Daniel Echeverri Jaramillo fue poeta. Era además un personaje peculiar. Tímido, de caminar ladeado, con bailoteo de dedos inseguros, escondido entre penumbras por su innata modestia. No fue frentero. Su personalidad rehuía los reflectores. Lo suyo era el recato y la meditación.
Tenía cabeza para la tonsura, manos delicadas para las ostias, tono de voz para los cantos gregorianos. Buscaba el refugio de las sombras. Paseaba con lentitud pensante, ensimismado, como de viaje hacia refugios etéreos. Los sueños se aposentaban en su cerebro, con un misticismo tan suyo, que cohabitaba con un Baco no alcohólico, sino en permanente embriaguez de metáforas.
Rara personalidad la suya. Cuando tenía que contrapuntear en el diálogo, era diserto, hábil y recursivo. Polemista macizo. Cuando se sumergía en los brumosos territorios del Olimpo, convertía su boca en cascada de bellezas palpitantes. Salamina lo mimó. Fue su alcalde, montó centros literarios en los colegios, y explayaba su verbo en conferencias semanales que le servían de escabel para disparar elucubraciones estéticas.
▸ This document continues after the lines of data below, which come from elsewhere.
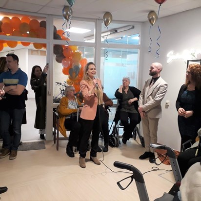 Tijdens de zeer drukbezochte middag nam onder andere Arjan Bandel, lid Raad van Bestuur van Laurens het woord. Ook Judith Tillie, manager Vastgoedsturing bij Woonzorg Nederland en betrokken bij participatie in de buurten en complexen, hield een speech.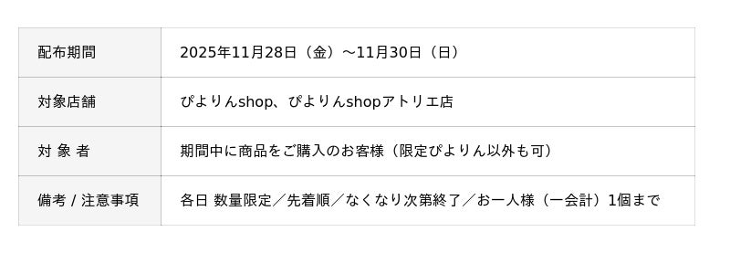 期間中に商品をご購入いただいたお客様には、感謝の気持ちを込めて限定デザインの「500万ぴよ・ありがとうぴよりん缶バッジ」をプレゼントいたします(数量限定、先着順)。チョコレートプレートとお揃いのデザインで、500万ぴよ達成の特別なアイテムです。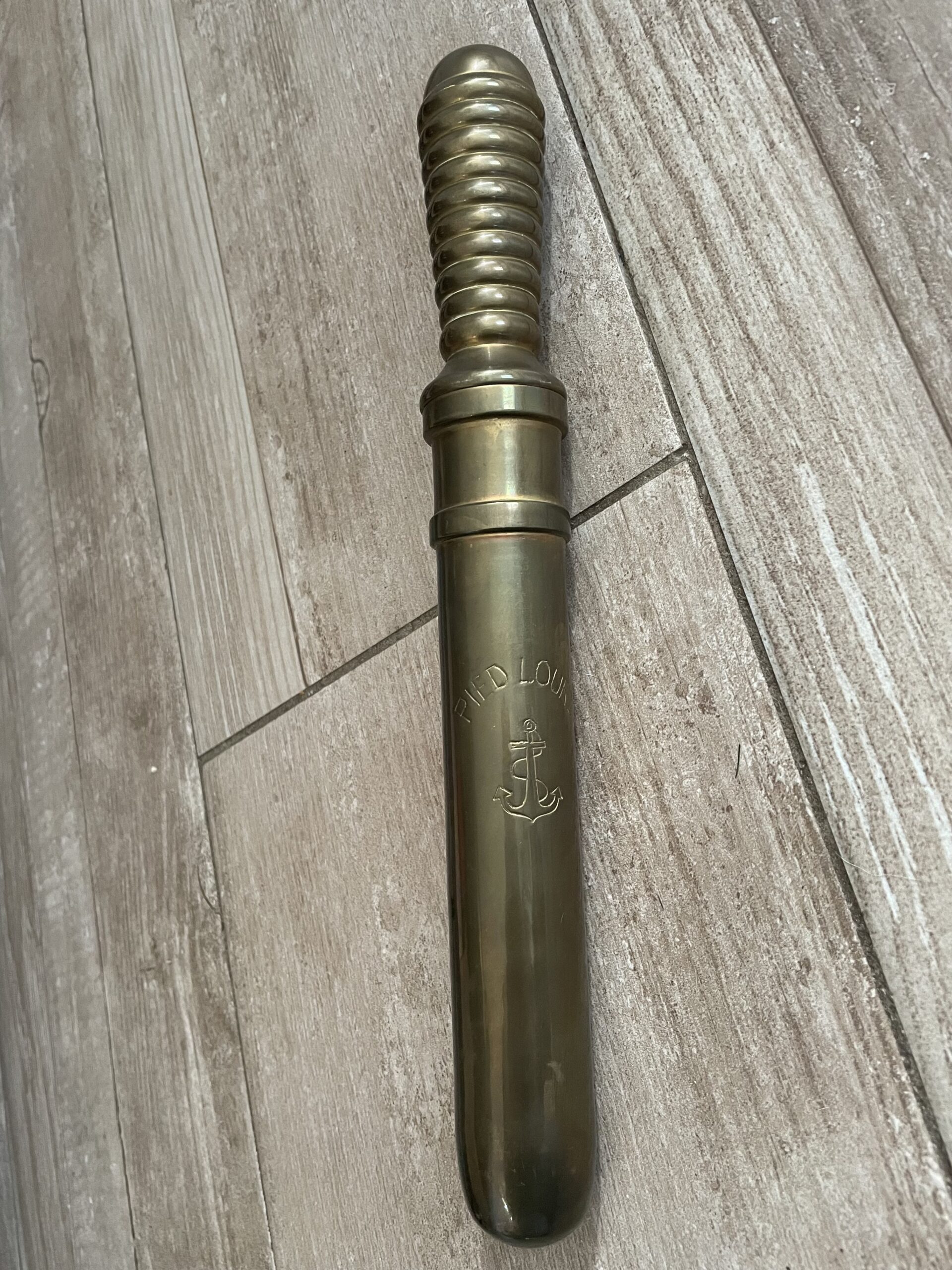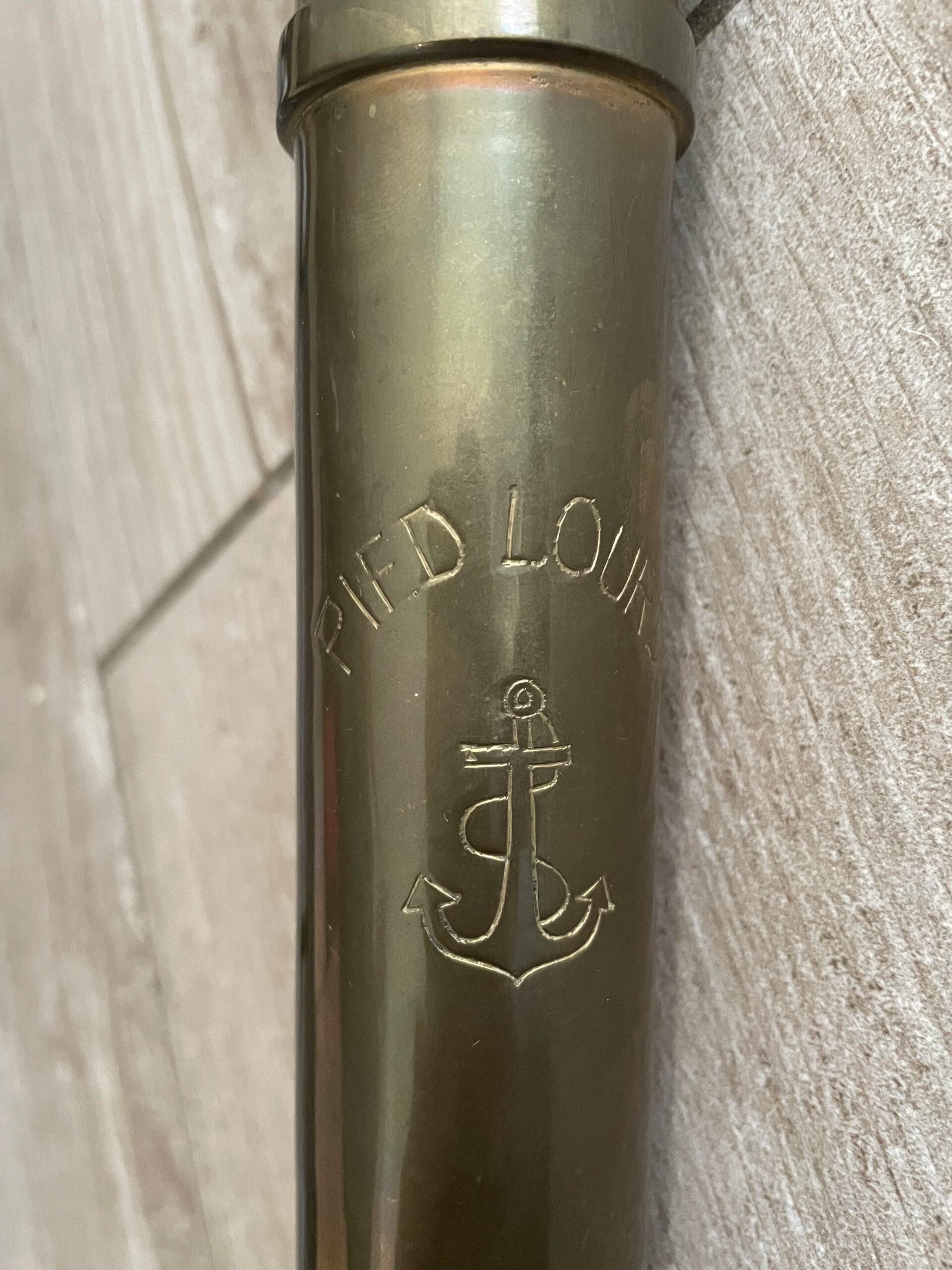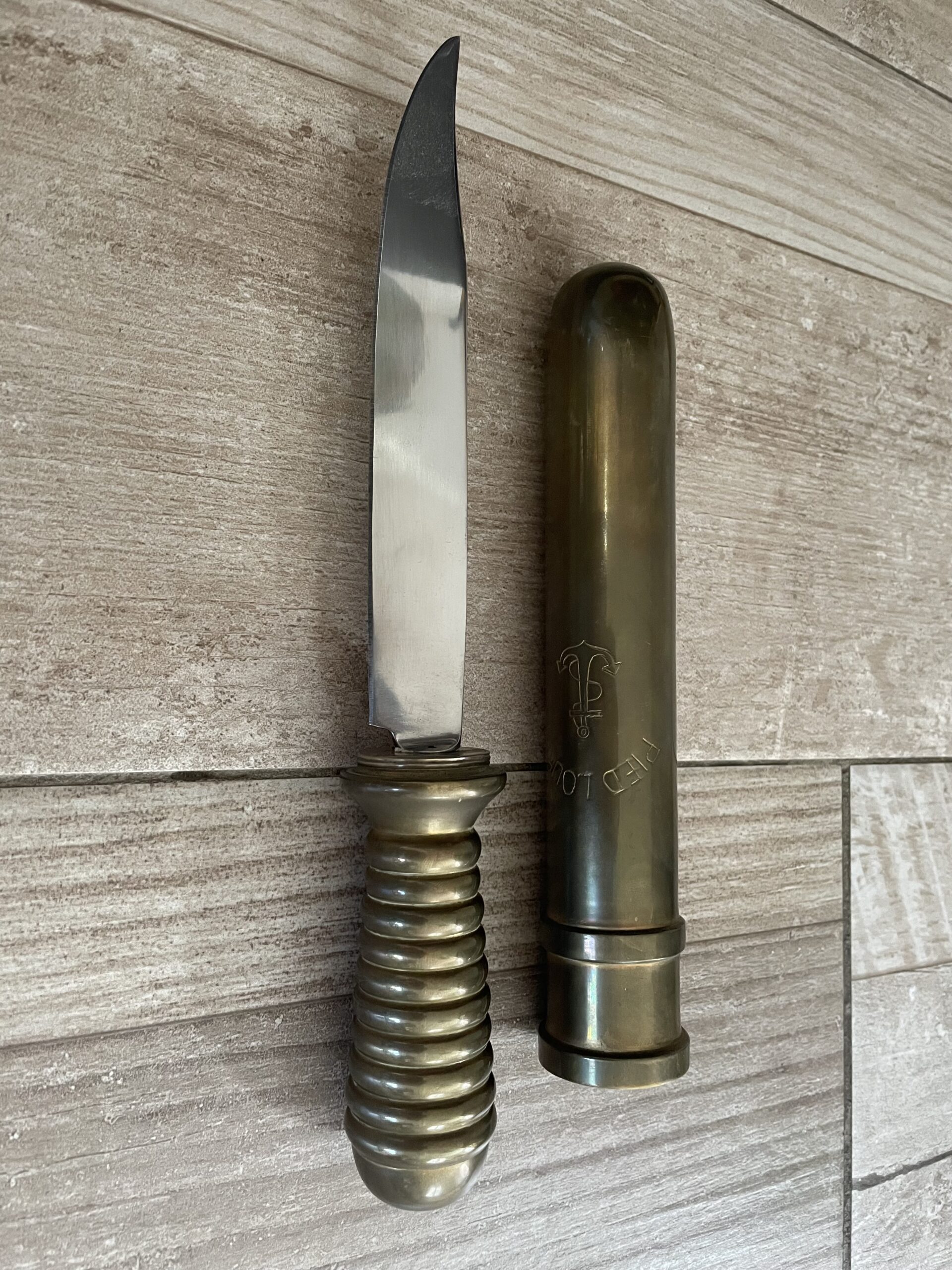 Magnifique couteau de scaphandrier, fourreau portant le marquage Pied Lourd ainsi qu’une ancre de marine.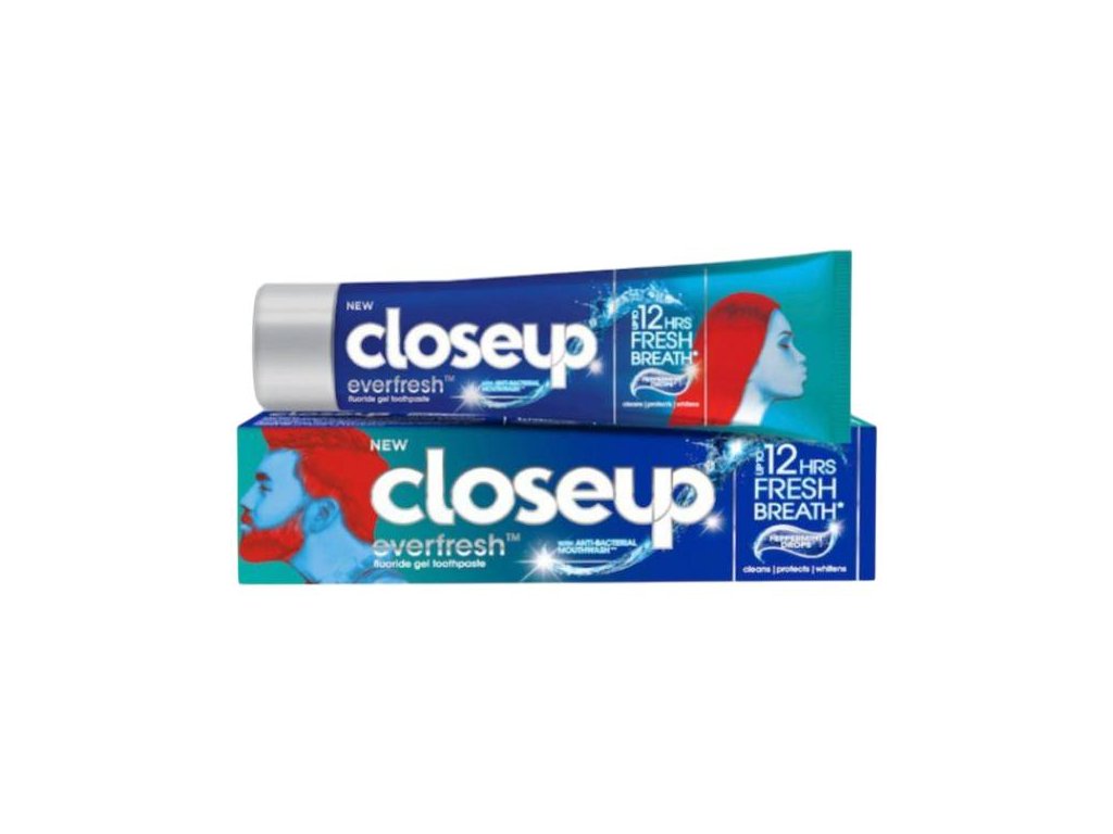 Closeup Everfresh Peppermint Drops zubní pasta přináší výraznou peprmintovou svěžest, která zajišťuje okamžitý pocit čistoty a dlouhotrvající svěží dech. Speciální složení pomáhá účinně odstraňovat zubní plak, chránit zuby před vznikem kazu a podporovat zdraví dásní.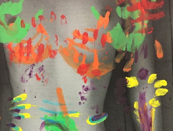 Откако ја фотографирала својата гола пријателка, ја изработила фотографијата во природна големина и врз неа оставила отпечатоци на раце во разни бои кои симболизират допири од разни личности од нејзиниот живот.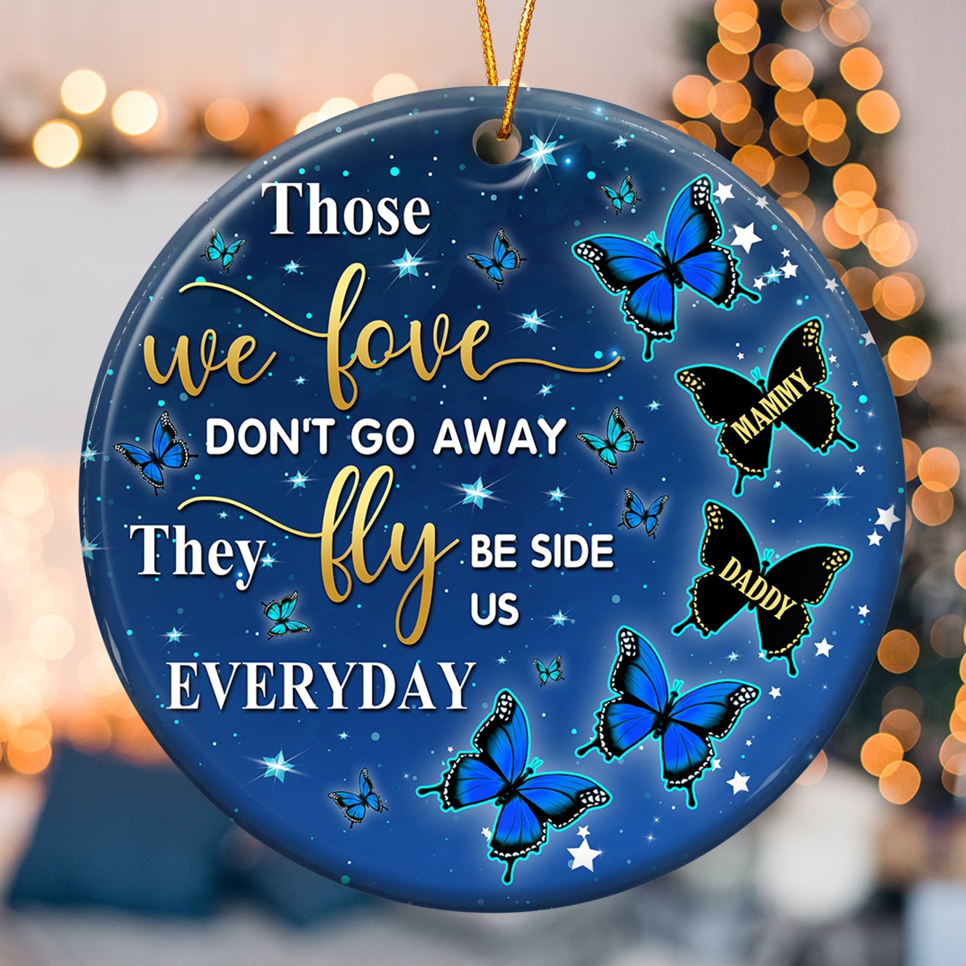 The ornament features a beautiful and heartfelt message that says “Those we love don’t go away, they fly beside us everyday”. The ornament also has a butterfly design that represents your family member who passed away. You can customize the butterfly with their name.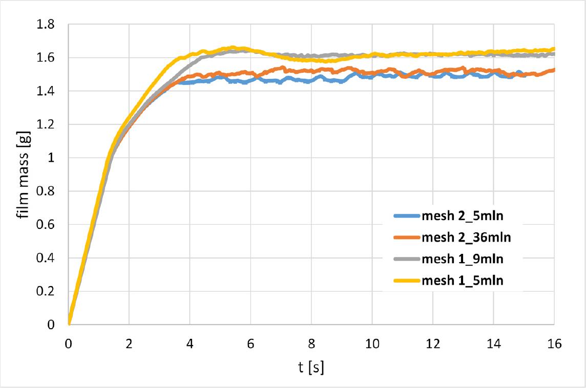 In order to simplify the modelling of the fuel film in this part of the study, the modelling of droplet flow was omitted. Instead, the fuel film originated from a predefined zone in the floor of the bay, shown in Fig. 7, where appropriate source terms for the fuel film were defined. The film was then driven by gravity and airflow towards the closest outlet. The film flux was set to 0.77g/s (approximately one-third of the value considered for the full bay), at which value the fuel film mass and its vaporization rate stabilized within several seconds. In Fig. 8 the change in time of film mass is shown for four mesh densities. Results indicate that while its mass stabilizes in time in each case, the stable values for denser meshes are lower than ones obtained for less dense meshes within the tested range. A possible explanation for this result is the increasing accuracy in determining the surface area covered by the film, achieved with smaller surface elements.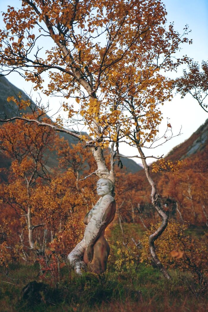 We worked over 2 weeks to deliver this art project in the extraordinary landscapes of Lofoten and Lappland, dealing with harsh windy weather and temperatures of only 0 to 4+ degrees. Working every day for over 12 hours, we were researching the right locations, light, and weather, and then painting, filming, and photographing. I had to paint very fast and stay focused so the model and dancer Małgorzata wouldn’t get too cold and the light and colors of the landscape wouldn’t change.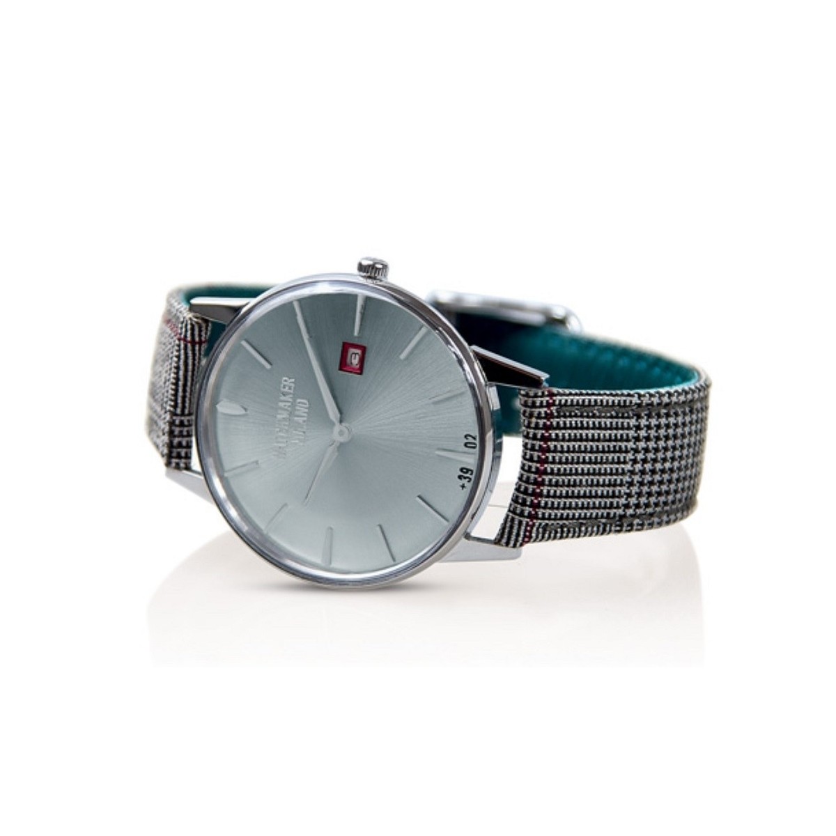 Watchmaker Milano line Ambrogio Vintage watch with silver dial, leather and fabric Prince of Wales gray color strap and quartz movement with dater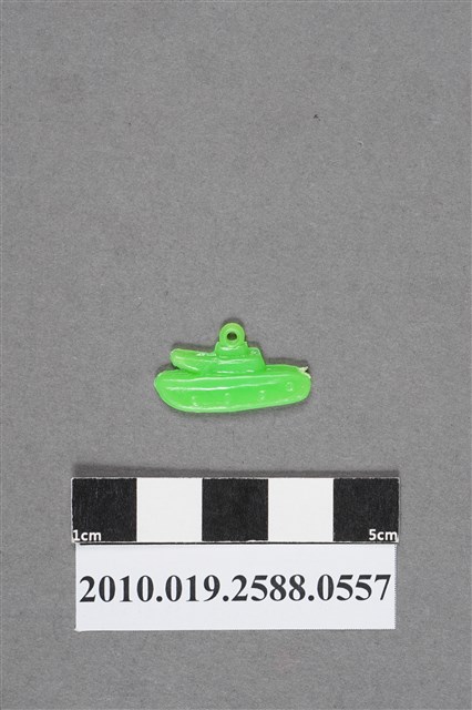 1.本物件為戰車造型尪仔仙,為綠色塑膠材質。外型為戰車,炮塔右側為炮管,炮塔上有炮塔門及圓環。履帶結構簡化,並無細分動輪與路輪,履帶左側有射出痕。物件背面的履帶內車輪與正面的並不對稱。本系列尪仔仙多為相同塑膠模版,僅有顏色不同,或是同色同塑膠模版等形式。

Trabajó su numen para el recuerdo. Daniel era un lírida de martirios interiores, perseguido por las musas. La hebra de su memoria lo anclaba en los ordeños, en los lánguidos ladridos de los perros a la luna, en los charcos peligrosos en donde chapaleó, y en los alazanes que upó con temeraria irresponsabilidad. Parece que fue travieso. Enamoró campesinas, fue guapo en fondas camineras, y corrió copas con los aldeanos. Increíble. La cultura lo transmutó en cachaco angustiado, y en asambleas con sus hermanos procuraba no ser vistoso, sino sumiso y recogido.
Tenía anzuelo mental. Pescaba temas para sus metafísicas. Por ejemplo, su ingenio tomaba pista en la mañana brincona, en la pesadez de la tarde, en la filosofía del olvido, en las muñecas de cuerda y los coleópteros zumbones. Su plectro era selectivo, más razonador que sentimental. Daba la sensación de ser un constructor de alegorías, y para lograrlas, estrujaba los talentos que Dios le regaló. Hermosamente dijo de sí: “Fui árbol, piedra, río, y un puñado de sal”. Detestaba la poesía moderna que para él era “una orquesta de cacerolas”.
Avaro en poemas sobre el amor, aunque fue pillado en disimuladas pilatunas que lastimaron su corazón. Una mujer joven lo asediaba. Tiritaba de vergüenza porque delataba sus travesuras de faldas. Abandonaba sigilosamente a sus amigos, y en un extramuro dialogaba con la intrusa que le reclamaba unos pesos para alimentar el niño. A Daniel también lo atormentó el sexto mandamiento.
Era silencioso. Prefería el recogimiento casero, el cilicio de las introversiones, a los baturrillos populares. Leía, escribía y pulía, dormitaba en torre marfileña y al despertar de sus quimeras paría versos a granel.
También fue músico sin fanfarrias. Una invisible orquesta le hacía oír melodías acompasadas. Esos ritmos que le llegaban por una inalámbrica telepatía, en estrofas eran convertidos. En sus engalanadas pasarelas suenan tamboriles, menudean las ocarinas, y las teclas de un piano impalpable le concitaban estímulos creadores.
Manejaba los símbolos. Era idealista. Cuidaba las palabras con escrúpulo y las mimaba. Les tenía nichos para reverenciarlas.
Daniel Echeverri tiene biógrafo. Así como José Miguel Alzate oficia sabias misas laicas para ponderar la vida y las gestas de García Márquez, Héctor Cataño Trejos, pedagogo eminente, rastreó por varios quinquenios la vida y milagros del vate salamineño. Primero en “El Coro de las Sombras” y ahora en “Poesía. Ensayos. Crónicas” hizo un trabajo de envidiable dimensión intelectual.